• [EXERCISE OBJECTIVE]:
Every line from the one with "em espessuras finas." up to and including the one with "7月30日,突尼斯选手艾哈迈德·贾瓦迪在决赛中,他最终获得冠军。新华社记者 伍志尊 摄" is to be output exactly as it appears below; pictures are not.
[DATA SUPPLIED Boundary: Start]
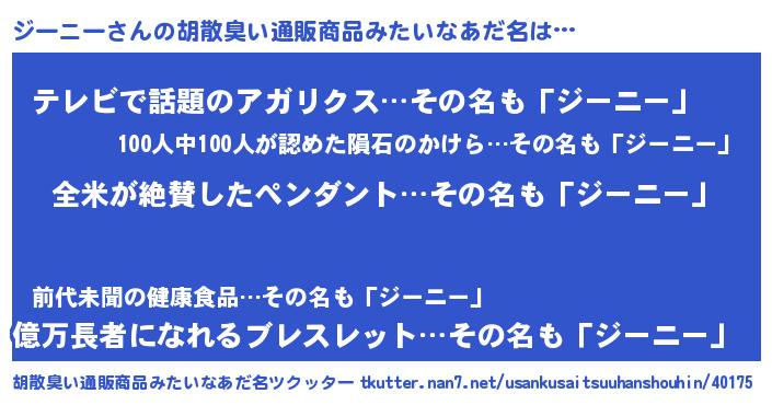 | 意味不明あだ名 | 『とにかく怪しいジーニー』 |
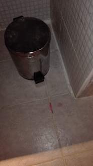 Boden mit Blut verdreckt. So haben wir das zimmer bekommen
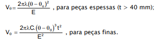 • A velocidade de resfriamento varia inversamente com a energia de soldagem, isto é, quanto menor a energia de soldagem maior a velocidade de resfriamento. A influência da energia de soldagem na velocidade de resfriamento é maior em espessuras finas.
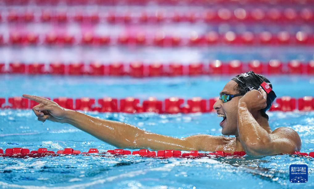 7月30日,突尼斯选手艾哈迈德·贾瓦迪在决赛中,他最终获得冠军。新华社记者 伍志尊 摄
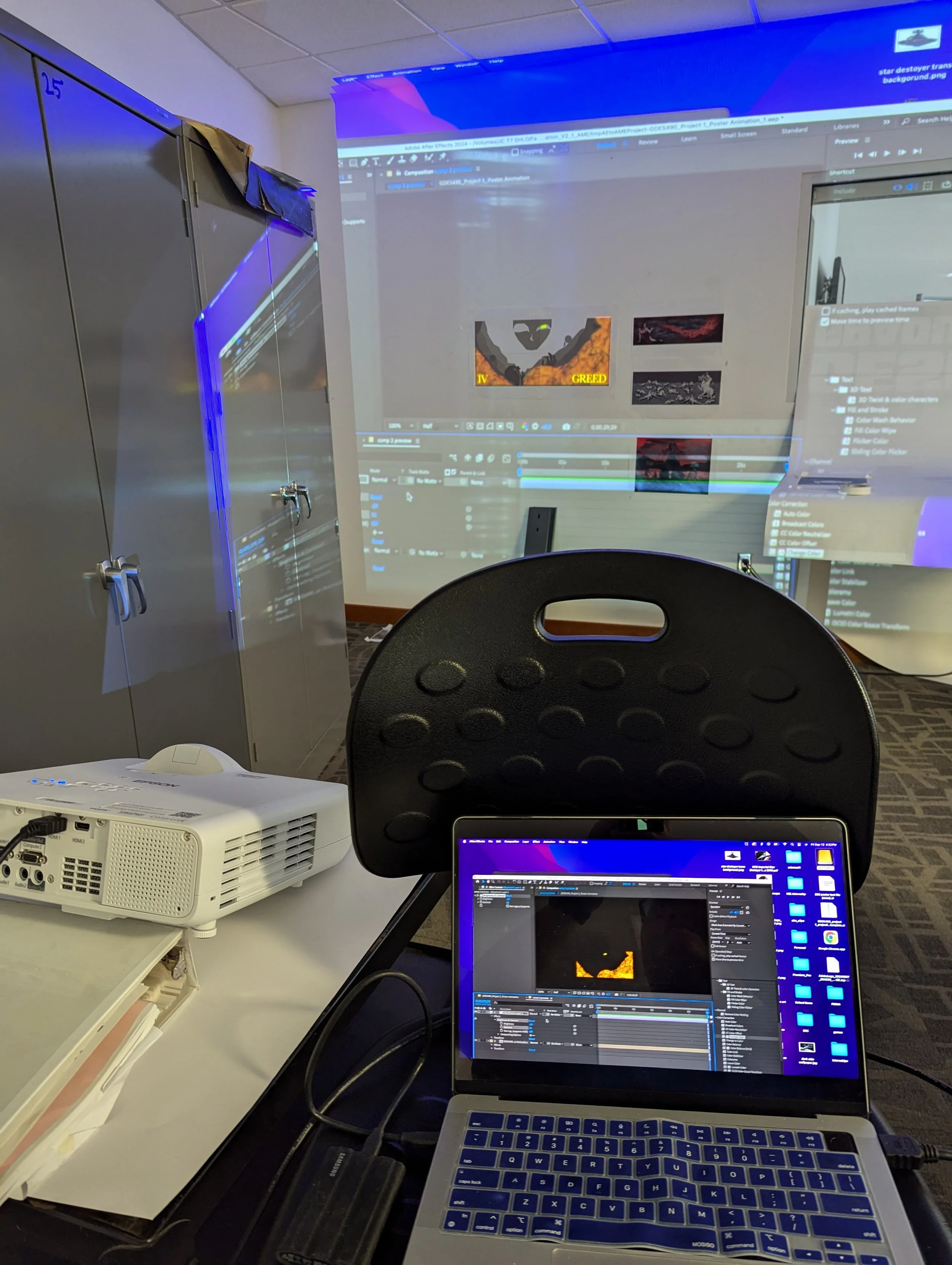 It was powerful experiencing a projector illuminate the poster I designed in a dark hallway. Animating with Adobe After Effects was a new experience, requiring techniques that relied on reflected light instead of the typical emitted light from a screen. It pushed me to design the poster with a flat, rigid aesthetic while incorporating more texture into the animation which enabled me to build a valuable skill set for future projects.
[DATA SUPPLIED Boundary: End]
[DATA SUPPLIED Boundary: Start]
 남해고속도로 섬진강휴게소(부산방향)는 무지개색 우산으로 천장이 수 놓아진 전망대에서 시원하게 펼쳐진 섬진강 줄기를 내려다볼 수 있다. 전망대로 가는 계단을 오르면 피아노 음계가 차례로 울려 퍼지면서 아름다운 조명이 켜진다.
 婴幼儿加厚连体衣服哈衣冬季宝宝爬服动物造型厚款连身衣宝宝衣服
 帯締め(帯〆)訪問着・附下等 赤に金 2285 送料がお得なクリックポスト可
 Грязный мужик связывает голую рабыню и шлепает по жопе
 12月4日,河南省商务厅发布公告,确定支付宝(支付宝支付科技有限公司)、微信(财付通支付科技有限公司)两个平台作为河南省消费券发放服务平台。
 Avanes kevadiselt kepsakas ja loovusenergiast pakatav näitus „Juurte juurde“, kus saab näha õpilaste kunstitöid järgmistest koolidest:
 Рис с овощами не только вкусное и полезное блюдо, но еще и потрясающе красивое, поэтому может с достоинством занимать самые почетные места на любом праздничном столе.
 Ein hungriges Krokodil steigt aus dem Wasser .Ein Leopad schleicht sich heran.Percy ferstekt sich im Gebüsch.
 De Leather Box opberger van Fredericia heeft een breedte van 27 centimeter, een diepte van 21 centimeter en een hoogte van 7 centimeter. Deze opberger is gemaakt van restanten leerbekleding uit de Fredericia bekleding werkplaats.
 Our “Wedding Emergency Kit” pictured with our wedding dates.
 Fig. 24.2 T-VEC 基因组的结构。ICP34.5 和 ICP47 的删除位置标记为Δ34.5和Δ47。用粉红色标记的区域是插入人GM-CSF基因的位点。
[DATA SUPPLIED Boundary: End]
[DATA SUPPLIED Boundary: Start]
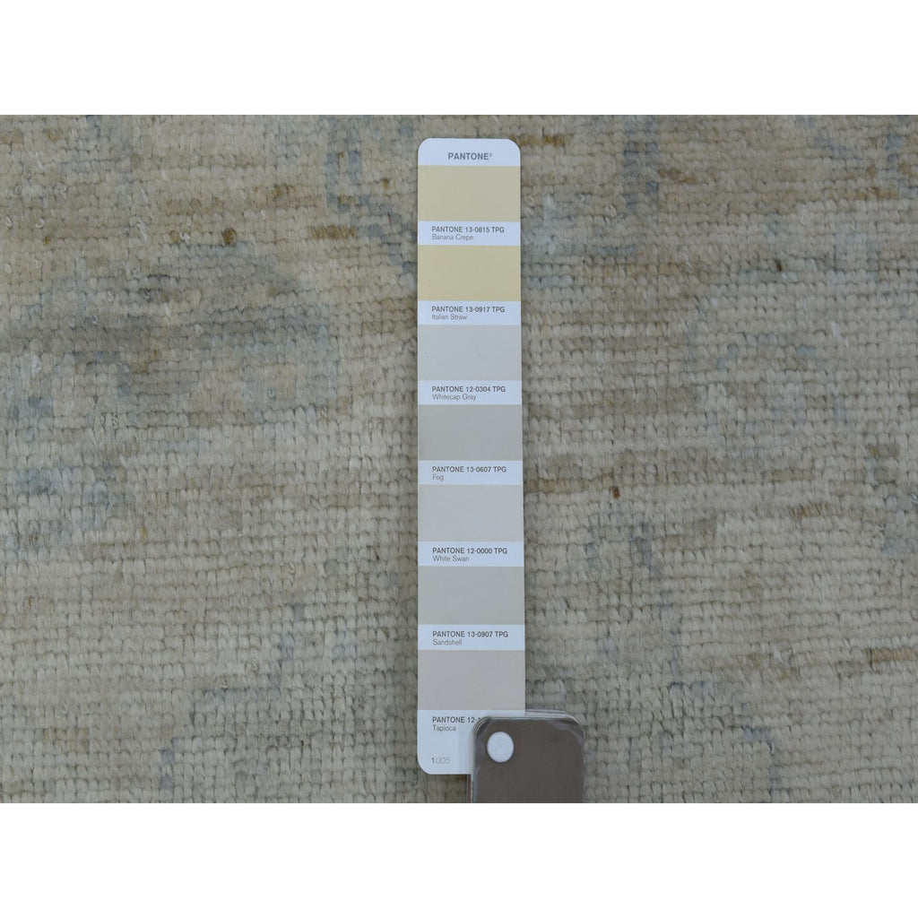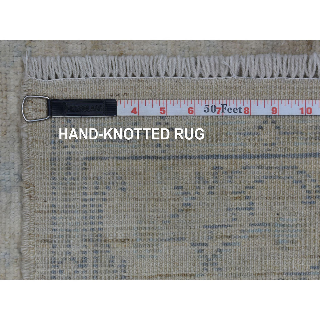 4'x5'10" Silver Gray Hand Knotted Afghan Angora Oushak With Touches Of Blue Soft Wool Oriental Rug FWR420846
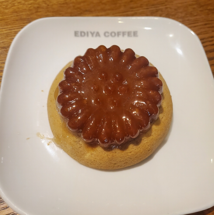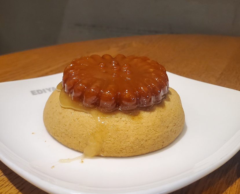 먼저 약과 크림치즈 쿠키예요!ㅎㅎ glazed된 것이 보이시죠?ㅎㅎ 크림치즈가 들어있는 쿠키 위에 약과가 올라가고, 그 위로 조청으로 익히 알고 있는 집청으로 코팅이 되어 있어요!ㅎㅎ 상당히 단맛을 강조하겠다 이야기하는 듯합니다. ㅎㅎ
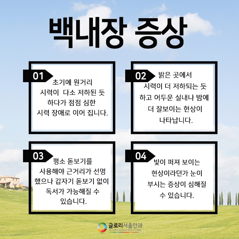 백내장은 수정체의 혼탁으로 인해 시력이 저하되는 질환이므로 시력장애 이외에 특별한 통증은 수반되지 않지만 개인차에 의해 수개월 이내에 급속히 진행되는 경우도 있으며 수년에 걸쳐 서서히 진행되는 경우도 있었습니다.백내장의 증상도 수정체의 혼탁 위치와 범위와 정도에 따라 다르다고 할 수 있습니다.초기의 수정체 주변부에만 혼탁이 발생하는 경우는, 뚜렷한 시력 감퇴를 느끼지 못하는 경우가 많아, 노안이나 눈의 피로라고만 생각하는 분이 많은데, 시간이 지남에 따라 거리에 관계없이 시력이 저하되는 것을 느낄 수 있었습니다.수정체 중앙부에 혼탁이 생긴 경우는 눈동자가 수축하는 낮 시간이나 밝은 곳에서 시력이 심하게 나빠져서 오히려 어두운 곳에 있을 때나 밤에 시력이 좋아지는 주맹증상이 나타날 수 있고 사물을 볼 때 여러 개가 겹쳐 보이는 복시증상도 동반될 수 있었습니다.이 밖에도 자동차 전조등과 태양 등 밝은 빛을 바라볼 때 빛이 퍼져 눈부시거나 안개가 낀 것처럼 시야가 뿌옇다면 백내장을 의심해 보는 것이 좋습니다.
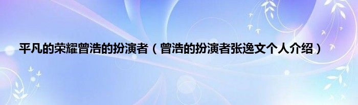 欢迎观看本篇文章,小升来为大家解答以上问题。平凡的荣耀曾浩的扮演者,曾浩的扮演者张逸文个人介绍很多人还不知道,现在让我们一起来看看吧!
[DATA SUPPLIED Boundary: End]
• [RESPONSE TO THE TASK]:
 • A velocidade de resfriamento varia inversamente com a energia de soldagem, isto é, quanto menor a energia de soldagem maior a velocidade de resfriamento. A influência da energia de soldagem na velocidade de resfriamento é maior em espessuras finas.
 7月30日,突尼斯选手艾哈迈德·贾瓦迪在决赛中,他最终获得冠军。新华社记者 伍志尊 摄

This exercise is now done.